Artikel 185 van de Wegenverkeerswet (WVW) regelt de bescherming van de zogenaamde ‘zwakke verkeersdeelnemers’ bij een aanrijding met ‘sterke deelnemers’. Dus fietsers tegenover bestuurders van auto’s of andere gemotoriseerde voertuigen. Een bestuurder van een auto is in beginsel altijd voor 100% aansprakelijk in geval van een aanrijding met een fietser of een voetganger. Dit is slechts anders als de bestuurder van de auto zich op overmacht kan beroepen of als er sprake is van eigen schuld van het slachtoffer. De aansprakelijkheid kan dan tot maximaal 50% worden teruggebracht.

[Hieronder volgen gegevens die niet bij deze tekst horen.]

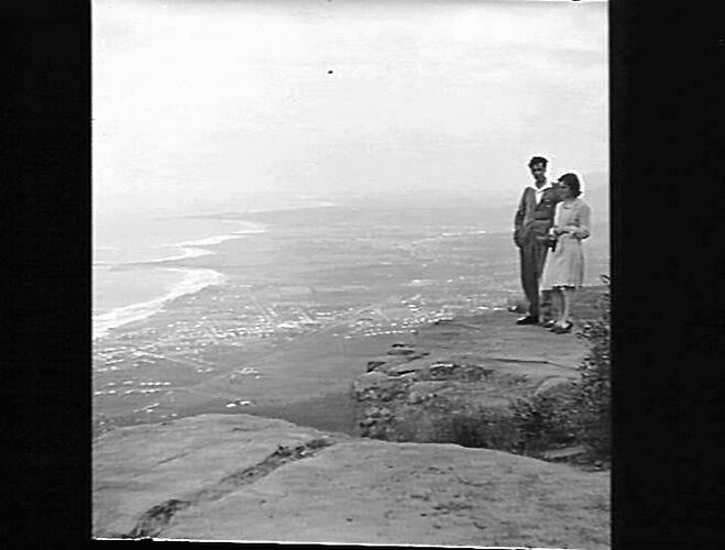 Couple standing on rocky lookout.

Overmacht wordt bijna nooit aangenomen, hoe stom de fietser of de voetganger (bewust of onbewust) ook heeft gehandeld. In geval van eigen schuld wordt het slachtoffer geacht mede debet (schuldig) te zijn aan het ontstaan van de schade. Dit kan een reden zijn de schadevergoedingsverplichting te verminderen. Bijvoorbeeld bij flagrante verkeersovertredingen waardoor het ongeval kon gebeuren. De rechtbank moest in het volgende geval hierover oordelen.
Casus
Een fietser fietste op het fietspad, maar wel tegen de rijrichting in. Een automobilist komt vanaf de tegengestelde richting aangereden en wil rechts afslaan en kruist dus het pad van de fietser. De automobilist bemerkt de fietser niet en een botsing volgt. De fietser loopt daarbij ernstig letsel op.
De verzekeraar van de automobilist beroept zich op eigen schuld van de fietser en wil niet meer dan 50% van diens schade vergoeden. De fietser wil echter volledige vergoeding van zijn schade. De rechtbank komt er aan te pas.
Het oordeel
De rechtbank oordeelt dat er geen sprake is van overmacht. De belangrijkste reden daarvoor is dat de automobilist geen voorrang heeft gegeven aan het verkeer op het fietspad. Een automobilist moet te allen tijde rekening houden met mogelijke verkeersfouten van andere weggebruikers. De fietser heeft dus in ieder geval recht op vergoeding van 50% van zijn schade.
De rechtbank beoordeelt vervolgens over de vraag of er een grond is dat de fietser niet meer dan 50% van zijn schade vergoed kan krijgen op grond van eigen schuld. De rechtbank oordeelt dat de handelwijze van de fietser voor 25% heeft bijgedragen aan het ontstaan van het ongeval en de schade. De belangrijkste reden daarvoor is dat de fietser tegen de rijrichting inreed. De fietser krijgt dus maar 75% van zijn schade vergoed in plaats van 100%.
Wanneer je deelneemt aan het verkeer is voorzichtigheid altijd geboden, zoals bovenstaande casus wel laat zien.
Heeft u vragen over een soortgelijke zaak of heeft u een andere vraag over verkeersongevallen, neem dan gerust contact met mij op.
mr Jean van Zinnicq Bergmann Van Zinnicq Bergmann Advocaten
Advocaat ‘s-Hertogenbosch
RECENTE BLOGS
Wat als de beloofde actieradius van een elektrische auto tegenvalt?
Tips voor werkgevers en werknemers die te maken hebben met een faillissement
De mondelinge arbeidsovereenkomst: wat kan er misgaan?
Overgang van onderneming: wat betekent het en wat zijn de rechten en plichten voor werkgever en werknemer?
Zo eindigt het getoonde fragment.